София Григорова-Алиева (1948 г.р.) — поэтесса, прозаик, переводчица. Автор стихотворных книг — «Птицы на высокой башне», «Черный поезд»; повестей — «Доедем до Греции», «Ваня — женское имя», «Мое Средиземноморье»; романов — «Я целую тебя в губы», «Казначей», «Средиземноморская девственница», «Консерватория», «Фихтеанец», «Я — трамвай». Произведения писательницы переведены на французский, немецкий и турецкий языки. В болгарской периодической печати публиковались ее переводы современных французских прозаиков, а также рассказы русских писателей «Серебряного века» — А.Ремизова, М.Кузмина, С.Ауслендера. Книги С.Григоровой-Алиевой написаны в свободной манере, не стеснены гнетом идеологии, отличаются занимательностью и тонким психологизмом.

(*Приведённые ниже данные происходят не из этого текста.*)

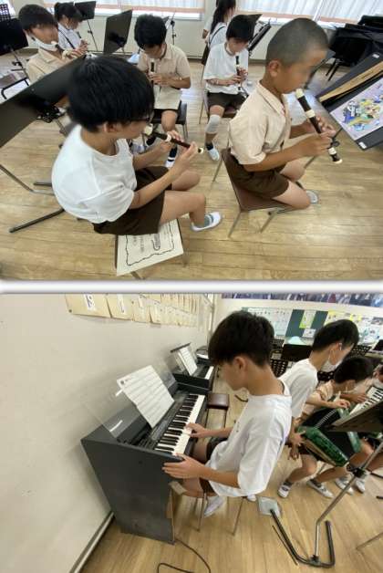 おんがくでは、合奏をしました。全体で合わせたり、楽器ごとに練習したりしました。
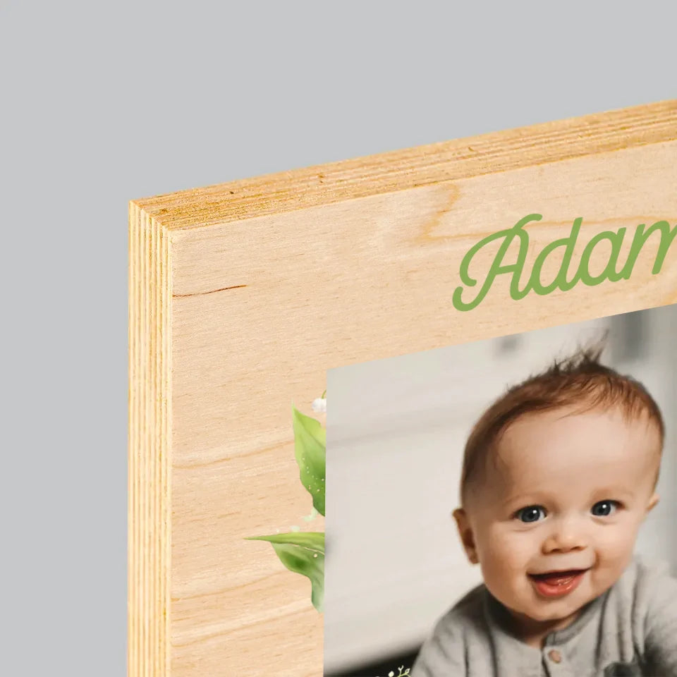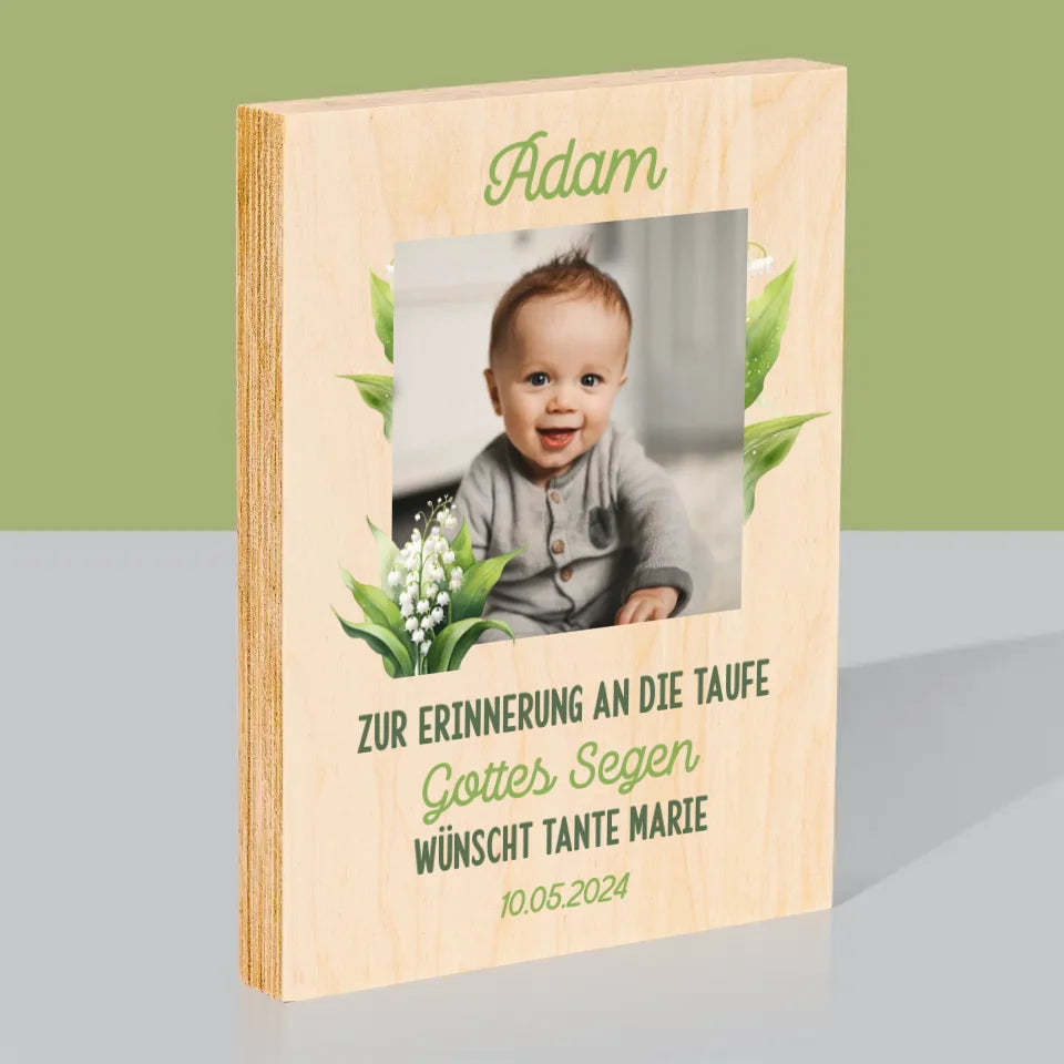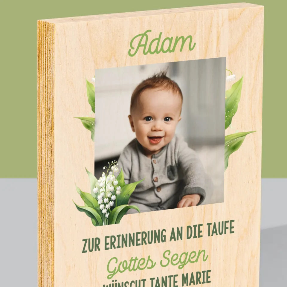Foto Und Unterschrift: Tauferinnerung Maiglöckchen - Druck auf Holz - Vertikal
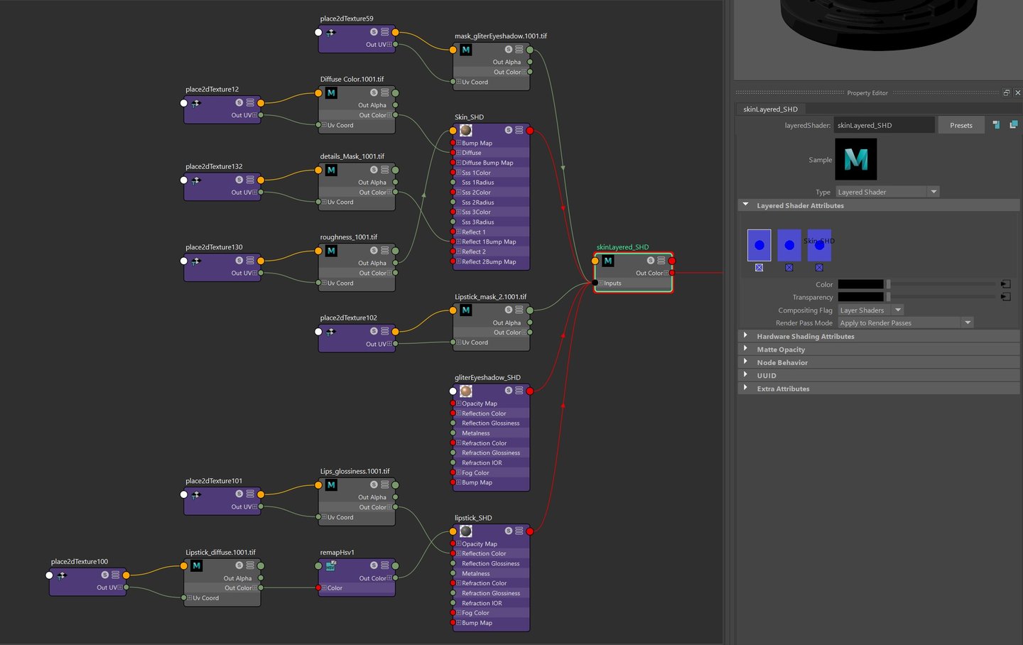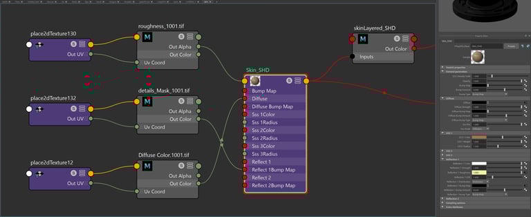 Combining shaders for the face using Layered shader node

«АЛИ. Мое имя не всегда было Гонсальво.
ДОН ЭНРИКЕ. Да, я знаю. Ваше прежнее имя было не менее прекрасно. Вас называли Добрым Али».
Я все время об этом думаю… И о чем бы я ни думала, я все равно в конце концов начинаю думать об этом… В тот день я, кажется, встретила объяснение… в одной статье… какого-то Николая Мизова… Но это совсем нелепый и очень грубый текст… Политика в этом тексте подается так грубо и прямолинейно… Бессмыслица, конечно, — называть такой текст словом «объяснение». Но все равно… Сейчас я переведу эту цитату… Вот… И боюсь, я не сумею передать точно всю эту грубость и тупую прямолинейность… Значит, вот…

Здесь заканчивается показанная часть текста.